I tested more examples:

  • A cinematic film poster of a thoughtful 16-year-old Japanese girl. On the second run, it took about 17 seconds. The text had some difficulty rendering, but the photo quality is strong.
  • A Latina female with thick wavy hair and sun-kissed skin. This took about 17 seconds. Prompt following is very good.

You can now test this setup on Runpod using the same approach. The service runs on Runpod, and you can try other examples as well.

Z-Image Turbo in ComfyUI - Using Templates and Other Models

In the Templates section of ComfyUI, you can explore many ready-made templates.

  • Flux todev
  • Punan video
  • Other model workflows

To use any template:

  1. Click the template to load it.
  2. Download the required models indicated by missing model prompts.
  3. Place each model in the appropriate folder in ComfyUI/models.
  4. Run the workflow.

With this approach, you can load and run different workflows quickly by placing the correct models in the right folders.

Z-Image Turbo in ComfyUI - Summary and Outlook

In this article I reviewed Z-Image Turbo. I am waiting for the other models, Z-Image Base and Z-Image Edit. The edit model will be interesting for image editing tasks. The quality of Z-Image Turbo is excellent.

The edit feature is compelling and I will test it when it is released.

Z-Image Turbo in ComfyUI - Cost Control on Runpod

Before wrapping up, there is an important operational note. Go to Runpod and stop the pod when you are done.

  • Stop the pod to avoid incurring costs.
  • If you leave the pod in a stopped state with resources attached, there will be a cost of 006 per hour to keep the settings.
  • If you do not want to set it up again, you can leave it as is.
  • You can also terminate the pod and start fresh later, because setup does not take much time with these steps.

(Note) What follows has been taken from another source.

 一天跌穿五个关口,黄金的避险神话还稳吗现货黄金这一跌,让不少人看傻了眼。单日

Test these models and explore other templates. I will see you in the next one. Have a nice day.

Z-Image Turbo in ComfyUI - Step-by-Step Quick Reference

Use this condensed walkthrough if you want a quick setup checklist.

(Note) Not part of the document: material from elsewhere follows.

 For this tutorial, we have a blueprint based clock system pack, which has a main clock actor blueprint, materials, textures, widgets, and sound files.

ComfyUI Guide: Ultra-Fast Images with Z-Image Turbo screenshot 1

Provision and connect

  1. Create a Runpod account and add credits.
  2. Deploy a GPU pod:
    • Choose an appropriate GPU, for example RTX A6000.
    • Increase disk size as needed.
    • Add ports:
      • 8888 - Jupyter Lab
      • 818 - HTTP service for ComfyUI
    • Set overrides and deploy on demand.
  3. Open Jupyter Lab on port 8888.
  4. Open a terminal.

ComfyUI Guide: Ultra-Fast Images with Z-Image Turbo screenshot 2

Install ComfyUI and dependencies

  1. Update the system:
    sudo apt-get update
    sudo apt-get upgrade -y
    
  2. Clone ComfyUI:
    git clone https://github.com/comfyanonymous/ComfyUI.git
    cd ComfyUI
    
  3. Install PyTorch stack:
    pip install torch torchvision torchaudio --index-url https://download.pytorch.org/whl/cu121
    
  4. Install ComfyUI requirements:
    pip install -r requirements.txt
    

ComfyUI Guide: Ultra-Fast Images with Z-Image Turbo screenshot 3

Get the workflow and models

  1. Download the Z-Image ComfyUI workflow JSON and save as z-image.json.
  2. In ComfyUI/models:
    • models/text_encoders - download the 7.49 GB text encoder:
      cd ComfyUI/models/text_encoders
      wget <copied_text_encoder_url>
      
    • models/vae - download the 320 MB VAE:
      cd ../vae
      wget <copied_vae_url>
      
    • models/diffusion_models - download the 11 GB diffusion model:
      cd ../diffusion_models
      wget <copied_diffusion_model_url>
      

ComfyUI Guide: Ultra-Fast Images with Z-Image Turbo screenshot 4

Launch ComfyUI and run

  1. Start ComfyUI:
    cd ../../
    python main.py --port 818 --listen
    
  2. Open the HTTP service on port 818 from the Runpod UI.
  3. Drag and drop z-image.json into ComfyUI.
  4. Confirm models are detected.
  5. Set parameters:
    • Prompt
    • Height and width
    • Steps 4
    • CFG 1
    • Seed or randomize
    • UNet - Z-Image Turbo
    • VAE - downloaded VAE
    • CLIP - downloaded text encoders
  6. Click Run and wait for the first load. Subsequent runs are faster.

ComfyUI Guide: Ultra-Fast Images with Z-Image Turbo screenshot 5

Manage costs

  • Stop the pod after use to avoid charges.
  • Keeping the pod paused with settings incurs 006 per hour.